# Baujahr von meinem Blizzard?



## Robat64 (20. Juni 2004)

Hello

habe mein RM Blizzard 1994 (siehe Bild) gebraucht gekauft, aber damals nicht wirklich nachgefragt, welches Baujahr es denn war. Habe einen Katalog aus 1990 und 1994 gefunden, in beiden sind die Blizzards unterschiedlich. Ich tippe also auf 1991 oder 1992. Was mich verwundert ist nur die Ausstattung: lt.

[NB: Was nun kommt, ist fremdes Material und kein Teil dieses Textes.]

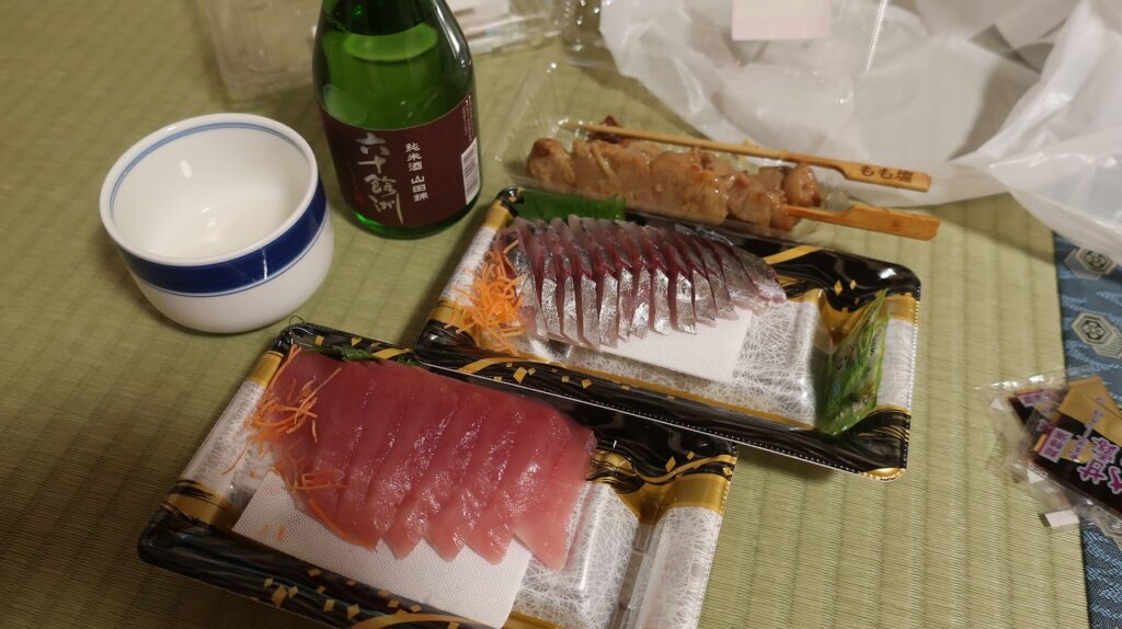 帰りにスーパーに寄ったら、刺し身と焼き鳥が半額だったので買ってきて、日本酒で一杯。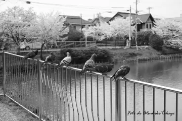 天王寺・阿倍野の商業エリアから南東へ下ったところに桃ヶ池があります。桜を撮っていて、ふと振り返りますと...「何、このヒト?」「何だぁ、お前?!」「うん?何かあった?」・・・ハトさんのお花見を邪魔してしまったようです。^^

Katalog gabs 1990 und 1994 keinen Synchros Vorbau und keine Synchros Sattelstütze serienmäßig und die Felgen waren auch keine Araya RM17 wie bei meinem. Also, ich bin etwas verwirrt. Hat man in einer Serie zwischen 1990 und 1994 Synchros verbaut um dann wieder davon abzukommen. Oder sind diese Parts vielleicht nachgerüstet? Wer weiss was, würde mich freuen, wenn wir das Geburtsjahr ermitteln könnten. Ach ja, und falls das Jahr feststeht, vielleicht hat ja irgendjemand einen Katalog / Datenblatt aus dem Jahr... Danke schon jetzt.


----------



## Phil Claus (21. Juni 2004)

Hallo Robat64,

bei Deinem Rocky Mountain Blizzard handelt es sich um ein Modell des Jahres 1991. Bezüglich der Specs können wir keine Aussage treffen, da uns hierfür keinerlei Informationen vorliegen, sorry.


----------



## MTB-News.de




----------



## Robat64 (21. Juni 2004)

Hi Phil

danke für die rasche Antwort, jetzt weiß ich endlich mal Bescheid...
Habe vor den (noch immer sehr geilen) Rahmen im Winter mal neu lackieren (Pulvern) zu lassen. Kann man bei euch RM Aufkleber (Schriftzug, Logo,..) beziehen?


----------



## Phil Claus (21. Juni 2004)

Hi Robat,

Stickerkits können über Deinen Rocky Mountain Händler  bestellt werden. Ein Komplettkit wird jedoch für das Baujahr Deines Rahmens nicht einfach werden.


----------



## ksb (25. Juni 2004)

hi robat,
ich habe ein 90`er blizzard. serienmässig waren keine syncros teile dran. alle die ich kenne haben aber schon gleich beim händler einen vorbau und eine sattelstütze von syncros einbauen lassen. mein rad hat wolber at-18 felgen .
gruss stefan


----------



## Fixel (27. Juni 2004)

@robat64
das 91er blizzard kam mit syncros gabel, vorbau und lenker. sattelstütze war ein schwarze ritchey. laufräder waren standard wolber at18 mit xt-naben und dt comp-speichen. steuersatz war deore dx, rest der komponenten war komplett deore xt mit sti-shiftern. 

gruß
fixel


----------